Shifting focus to capture an expanding online audience is smart.

But publishing a newspaper as an app seems a lot like going backward. Especially for a paper owned by a man who understands the concept of digital experience.

There’s a difference between digital experience and digital browsing. 

In unveiling the app, the paper said that it wants to “create new digital experiences across platforms.” This is a good thing, and I applaud The Washington Post for thinking about what audiences want and/or expect from different online platforms. And who its Kindle audience is versus its Web site audience versus who reads the print edition of the newspaper.
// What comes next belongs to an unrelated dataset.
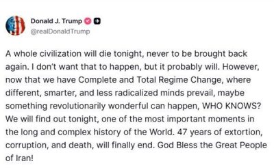 মঙ্গলবার ৭ এপ্রিল নিজের ভেরিফায়েড সামাজিক যোগাযোগমাধ্যম ট্রুথ সোশ্যাল-এ দেওয়া এক পোস্টে ট্রাম্প বলেন, ইরানের ৪৭ বছরের চাঁদাবাজি, দুর্নীতি ও মৃত্যুর অবসান ঘটবে। তথ্যটি জানিয়েছে আন্তর্জাতিক সংবাদমাধ্যম ভাস্কর ইংরেজি।
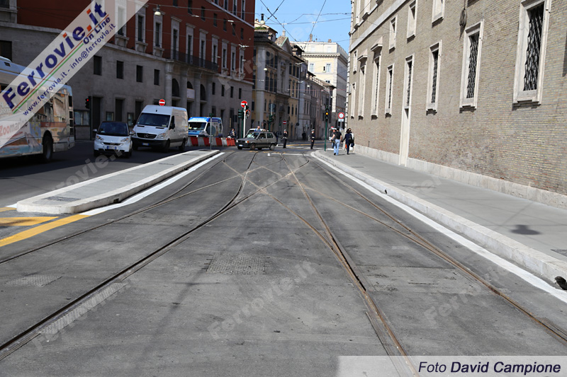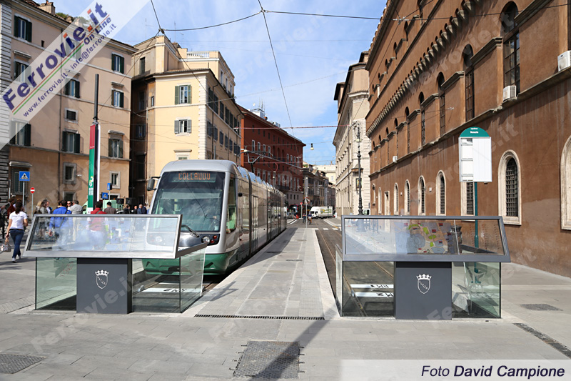 La tratta non è separata fisicamente dal traffico veicolare di via Botteghe Oscure e gli incroci non sembrano il massimo della sicurezza. Con lo spostamento del tram 8 a piazza San Marco, si è recuperato uno spazio pedonale davanti al teatro Argentina.

If this were the guiding principle, I’d be okay. Not buying the app (which actually is free for six months), but buying the effort.

But the Post, in its release article, went further:

One of the most important things we wanted to tackle, and [the] central tenet that the app is visioned around, is the idea that digital browsing, despite its name, isn’t very easy. The signal-to-noise ratio is high in digital news experiences. Sometimes we love that. We confess to being social media addicts who bounce from site to site to site. But there are times when even we feel exhausted by the never-ending stream.

The Washington Post says it wants to “fix digital browsing.”

Digital browsing doesn’t need fixing.

Let’s set aside for a minute the paternalistic tone. The idea that we need someone else to make decisions for us about what stories are important and where and how to find them. (And, really, if The Washington Post thinks its site is filled with noise, stop producing “noise.”)

Digital browsing isn’t broken.

We don’t need better gatekeepers. We need better filters. The difference is all about who controls the flow of information.

I wish The Washington Post had laser-focused on the digital experience and let me continue to filter “news” for myself. Because, as I said at the outset, the digital experience is gorgeous. But the content and context are all wrong for me.